A(x) = 3x^4 - 36x^3 + 138x^2 - 180x + 27, B(y) = 2y + 3
A(B(y)) = 48y^4 - 96y^2
\$\endgroup\$
  • \$\begingroup\$ what about builtins? \$\endgroup\$ – Maltysen Apr 23 '16 at 22:15
  • 1
    \$\begingroup\$ @Maltysen "Details: Builtins are allowed.(...)" :D \$\endgroup\$ – flawr Apr 23 '16 at 22:17
  • 2
    \$\begingroup\$ I think "any reasonable format" might be a bit stretchable. If a function that evaluates the polynomial is allowed, then the composition function (.) is an answer in Haskell. You probably mean some representation of the list of coefficients. \$\endgroup\$ – xnor Apr 24 '16 at 0:03
  • 1
    \$\begingroup\$ The title! I just got it :-D \$\endgroup\$ – Luis Mendo Apr 24 '16 at 11:46
  • 2
    \$\begingroup\$ @LuisMendo Quick thinker =P \$\endgroup\$ – flawr Apr 24 '16 at 11:53

12 Answers 12

10
\$\begingroup\$

Haskell, 86 72 bytes

u!c=foldr1((.u).zipWith(+).(++[0,0..])).map c
o g=(0:)!((<$>g).(*))!pure

Defines a function o such that o g f computes the composition f ∘ g. Polynomials are represented by a nonempty list of coefficients starting at the constant term.

Demo

*Main> o [1,1] [5,3,1]
[9,5,1]
*Main> o [0,-1,1] [1,0,1,0,0,0,1]
[1,0,1,-2,1,0,1,-6,15,-20,15,-6,1]
*Main> o [2,1] [-192,288,-144,24]
[0,0,0,24]
*Main> o [3,2] [27,-180,138,-36,3]
[0,0,-96,0,48]

How it works

No polynomial-related builtins or libraries. Observe the similar recurrences

f(x) = a + f₁(x)x ⇒ f(x)g(x) = a g(x) + f₁(x)g(x)x,
f(x) = a + f₁(x)x ⇒ f(g(x)) = a + f₁(g(x))g(x),

for polynomial multiplication and composition, respectively. They both take the form

f(x) = a + f₁(x)x ⇒ W(f)(x) = C(a)(x) + U(W(f₁))(x).

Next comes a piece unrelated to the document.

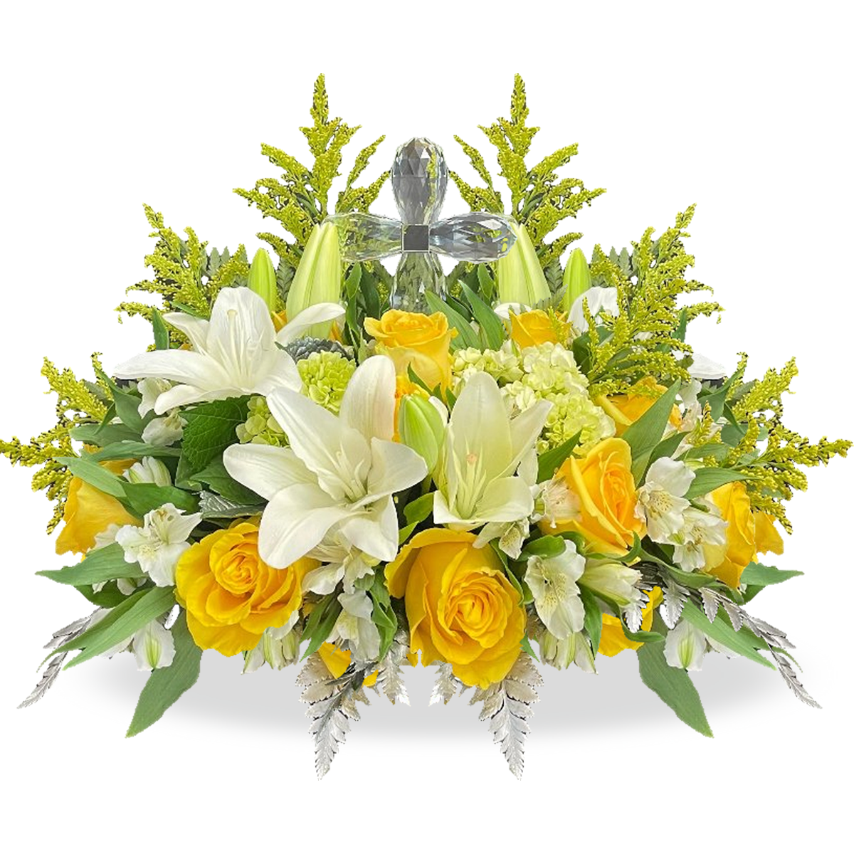Offer a serene and respectful tribute with the “Eternal Serenity Sympathy Arrangement” from Days Flowers Florida. This beautiful arrangement features a delicate blend of pure white lilies symbolizing peace and innocence, alongside soft yellow roses that convey friendship and warmth. Accents of vibrant green foliage add a touch of life and renewal, while the subtle presence of white chrysanthemums represents loyalty and devoted love. Each bloom is meticulously arranged to create a harmonious display that expresses heartfelt condolences. This arrangement is not only an embodiment of beauty but also carries deep symbolic meanings, making it an ideal choice for expressing sympathy with grace and dignity.

The operator ! solves a recurrence of this form for W given U and C, using zipWith(+).(++[0,0..]) for polynomial addition (assuming the second argument is longer—for our purposes, it always will be). Then,

(0:) multiplies a polynomial argument by x (by prepending a zero coefficient);
(<$>g).(*) multiplies a scalar argument by the polynomial g;
(0:)!((<$>g).(*)) multiplies a polynomial argument by the polynomial g;
pure lifts a scalar argument to a constant polynomial (singleton list);
(0:)!((<$>g).(*))!pure composes a polynomial argument with the polynomial g.

\$\endgroup\$
9
\$\begingroup\$

Mathematica, 17 bytes

Expand[#/.x->#2]&

Example usage:

In[17]:= Expand[#/.x->#2]& [27 - 180x + 138x^2 - 36x^3 + 3x^4, 3 + 2x]

              2       4
Out[17]= -96 x  + 48 x
\$\endgroup\$
7
\$\begingroup\$

TI-Basic 68k, 12 bytes

a|x=b→f(a,b)

The usage is straightforward, e.g. for the first example:

f(x^2+3x+5,y+1)

Which returns

y^2+5y+9
\$\endgroup\$
  • \$\begingroup\$ It seems like cheating to me to require the inputs to be in different variables. Does that matter for this answer? \$\endgroup\$ – feersum Apr 23 '16 at 22:43
  • \$\begingroup\$ Feel free to do so, I explicitly allowed any reasonable convenient input format. \$\endgroup\$ – flawr Apr 23 '16 at 22:45
  • \$\begingroup\$ Concerning the edit of your comment: yes it does matter. \$\endgroup\$ – flawr Apr 23 '16 at 23:06
  • \$\begingroup\$ I'm not too familiar with the rules on this site. Is it correct for to be 1 byte in TI-BASIC? \$\endgroup\$ – asmeurer Apr 25 '16 at 17:33
  • \$\begingroup\$ @asmeurer Indeed: TI-Basic is scored by the encoding used on the corresponding calculators. If you are interested in the details, you can read that here on meta. A table of tokens can be found here on ti-basic-dev. \$\endgroup\$ – flawr Apr 25 '16 at 19:35
6
\$\begingroup\$

Python 2, 138 156 162 bytes

The inputs are expected to be integer lists with smallest powers first.

def c(a,b):
 g=lambda p,q:q>[]and q[0]+p*g(p,q[1:]);B=99**len(`a+b`);s=g(g(B,b),a);o=[]
 while s:o+=(s+B/2)%B-B/2,;s=(s-o[-1])/B
 return o

Ungolfed:

def c(a,b):
 B=sum(map(abs,a+b))**len(a+b)**2
 w=sum(B**i*x for i,x in enumerate(b))
 s=sum(w**i*x for i,x in enumerate(a))
 o=[]
 while s:o+=min(s%B,s%B-B,key=abs),; s=(s-o[-1])/B
 return o

In this computation, the polynomial coefficients are seen as digits (which may be negative) of a number in a very large base. After polynomials are in this format, multiplication or addition is a single integer operation. As long as the base is sufficiently large, there won't be any carries that spill over into neighboring digits.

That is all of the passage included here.